Em tempo de Copa do Mundo...

... nunca mais eu quis saber de futebol, de mais nada... - 2006
Da série* : “... uma história que você nunca mais esqueceu?” - 2000/2007



Bordado e objeto (poliamida, algodão, arame) sobre travesseiro 
20 cm x 63 cm x 45 cm - Coleção particular
* Série baseada nos depoimentos de adolescentes internados em instituição por infringirem as leis.  

Texto bordado em torno da peça: Quando eu era pequeno me pai me levava sempre pra ver ele jogando no campinho. O sonho do meu pai era ser jogador de futebol... Aí ele morreu com um tiro da polícia, na guerra do morro, tava vindo do trabalho... Nunca mais eu quis saber de futebol, de mais nada. Cresci revoltado, sangue frio, entrei pro crime... Meu pai era tudo pra mim...


Durante 3 anos (2000 a 2003), visitei adolescentes internados em instituição destinada à recuperação de jovens que infringiram as leis.  No início, o que pretendia ser uma pesquisa, passou a caracterizar meses de convivência diária, diálogos, trocas culturais e afetivas.
Experimentando uma proposta inédita e completamente desconhecida por mim, várias obras  surgiram durante este período.
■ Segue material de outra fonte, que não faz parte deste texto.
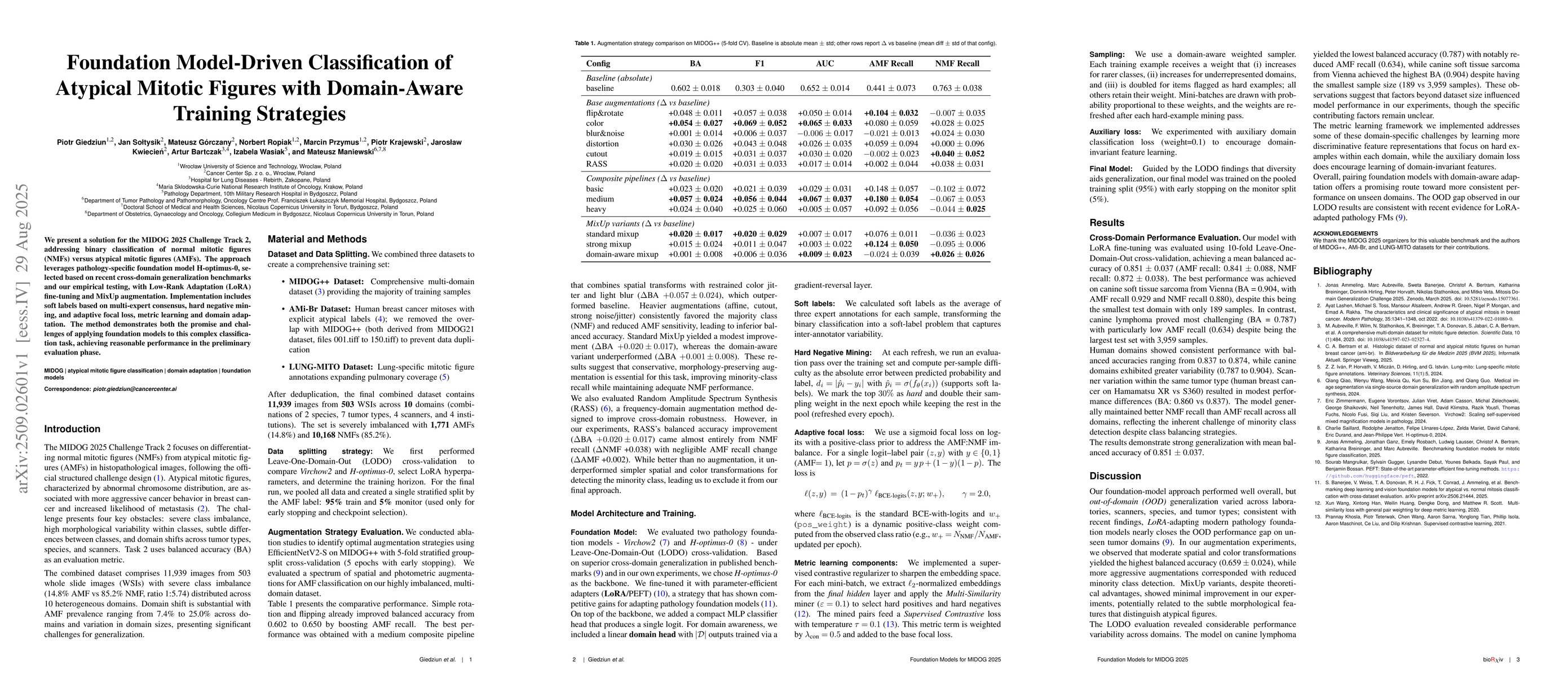 We present a solution for the MIDOG 2025 Challenge Track~2, addressing binary classification of normal mitotic figures (NMFs) versus atypical mitotic figures (AMFs). The approach leverages pathology-specific foundation model H-optimus-0, selected based on recent cross-domain generalization benchmarks and our empirical testing, with Low-Rank Adaptation (LoRA) fine-tuning and MixUp augmentation. Implementation includes soft labels based on multi-expert consensus, hard negative mining, and adaptive focal loss, metric learning and domain adaptation. The method demonstrates both the promise and challenges of applying foundation models to this complex classification task, achieving reasonable performance in the preliminary evaluation phase.

Todas com base nas conversas e trocas estabelecidas com os adolescentes. Uma delas é a instalação:  “… uma história que você nunca mais esqueceu?”
Diante de tantas histórias vividas (desde a violência doméstica e a do dia a dia nas ruas; traumas, sentimentos de traição, agressões - e até mesmo alegrias e histórias de amizade e solidariedade...) minha curiosidade era se eles haviam guardado aquela história que nunca mais esqueceram. Depois de muitos encontros estas histórias foram surgindo recuperadas de suas memórias, e a cada dia mais adolescentes tinham interesse em me conhecer e conversar.
Nos trabalhos desta série criei cenas baseadas nas respostas dos jovens do que para eles era impossível esquecer. 
Conheci mais de 100 meninos. E ouvir cada história individualmente me fez perceber o quanto estava sendo importante nossa troca. Naquele lugar, sozinha, entendi que se houvesse uma verdadeira intenção de transformação pelas intuições, estudar cada caso separadamente, cada história de vida, seria a grande oportunidade para que eles pudessem ter suas vidas reconstruídas.
De minha parte entendi que depois de criar vínculos e estar tão presente no cotidiano diário, não poderia ir embora e desaparecer de repente. Decidi então continuar na instituição até que o último adolescente que eu havia conhecido individualmente tivesse sido posto em liberdade. Para que não experimentassem mais uma vez o sentimento de abandono constante em suas vidas. 
Após a realização das obras, já envolvida e inserida naquele contexto junto aos adolescentes e os profissionais que lá trabalhavam, continuei frequentando a instituição desta vez como voluntária e criando propostas inéditas que surgiam de nossas trocas. 
Experimentar este processo na arte e na vida foi inesquecível e a partir dele pretendo dar prosseguimento a proposta de viver a arte como o encontro com o outro, na tentativa de transformar as relações das pessoas diante de universos e questões ainda tão desconhecidos.